Every extra mile and every idle hour in port is a ‘carbon tax’ that a vessel pays with its annual rating. While the industry focuses on engine efficiency, the real battle for the CII rating is won or lost in the chartering office, where the ship’s trajectory is decided long before the engine starts, writes Natalia Liashenko, the CEO and founder of Marine Solver.
Decarbonisation in shipping is currently evolving along two main paths: the technological (new fuels and designs) and the operational (voyage execution). While both are essential, they often miss a critical third layer where the actual environmental fate of a vessel is decided: the commercial decision-making layer.
In the era of CII ratings and EU ETS, we are seeing a growing gap between how a voyage is executed and how a year is planned. This gap creates what I call the ‘geographical trap’ – a situation where even the most fuel-efficient vessel cannot escape a poor rating due to the structural constraints of its employment.
The fairway concept
In navigation, a fairway defines the safe water for a vessel. In the commercial world, every chartering decision – selecting a cargo, a route, or a delivery window – creates a commercial fairway.
Once a vessel is committed to a specific cargo or region, the boundaries of its environmental performance are largely fixed. You can optimise speed and fuel consumption during the voyage (the ‘steering’), but if the course itself leads into a high-emission zone or a low-efficiency trade pattern, flawless execution will not save the annual rating.
The geographical trap
Our data modelling reveals a stark reality: environmental performance is not just about how you sail, but where you are sent.

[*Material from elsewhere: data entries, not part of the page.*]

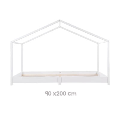 90x200 cm, mājas formā, ar redelēm, masīvkoka, virsmas apdare: lamināts, balta
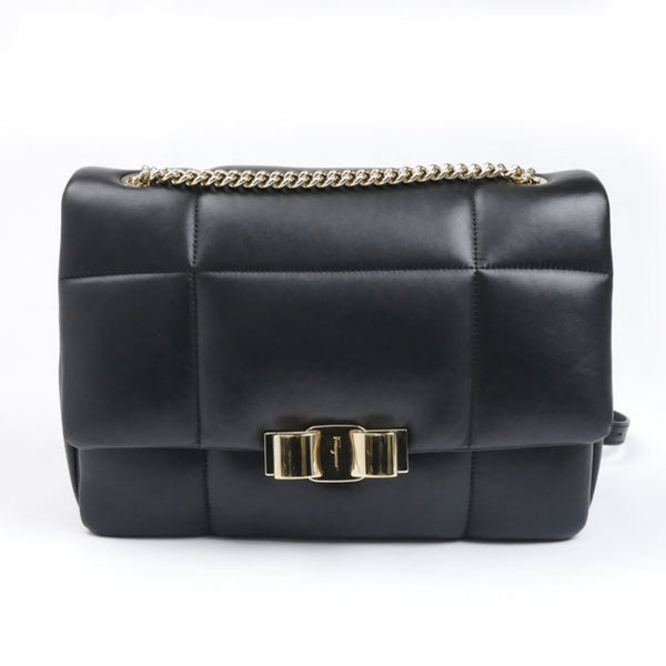Salvatore Ferragamo Vara Ribbon Quilted Chain Shoulder Bag in Black for Women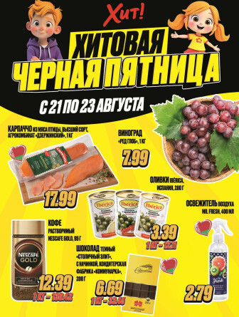 Текущие и будущие каталоги акций "Хит!овая черная пятница (21 - 23 Августа 2025)" супермаркетов Хит Барановичей

We often see cases where one vessel achieves, for example, a C rating on a specific trade route, while an identical sister ship cannot rise above an E simply because it is operating in a different decision space. If the available cargo pool in a region forces long ballast legs or frequent port delays, the vessel is effectively in a geographical trap. Within this trap, traditional operational optimisation reaches its limit. The problem isn’t in the engine room or on the bridge; it is in the original selection of the voyage chain.
The disconnect of horizons
The root of the problem lies in the mismatch of time horizons. Commercial teams typically operate on a voyage-by-voyage basis. However, decarbonisation metrics like CII are accumulated annually. This creates a computational challenge: the sheer number of variables – cargo combinations, port congestion, and bunker prices – exceeds the capacity of traditional spreadsheet planning.
When decisions are made in isolation, without visibility of the annual trajectory, the vessel’s rating becomes a byproduct of chance rather than a result of strategy. By the time the mid-year report arrives, it is often too late to correct the course. The fairway has already led the vessel into a dead end.
From isolated steps to continuous planning
To break out of these traps, the industry needs to move beyond discrete voyage optimisation toward continuous situational modelling.
Decarbonisation is not an additional constraint; it is a new dimension of commercial quality. Managing it requires the ability to rapidly explore the entire decision space – evaluating not just the next immediate trip, but the sequence of moves that follow.
This is where advanced decision support systems become essential, as they can minimise total time and distance across an entire voyage chain in ways human intuition cannot.
Even with partial market visibility, it is possible to model exit points from low-efficiency regions and identify chains of cargoes that align with the required annual CO2 trajectory.
Conclusion
The boundary of competitive advantage in shipping has shifted. It no longer lies solely in how well a vessel is operated, but in the mathematical rigour applied to where it is positioned.
Flawless steering is vital, but it cannot compensate for a wrong course. The future belongs to those who use advanced digital modelling to see the fairway before they enter it, ensuring that every commercial commitment serves the long-term environmental and financial health of the fleet.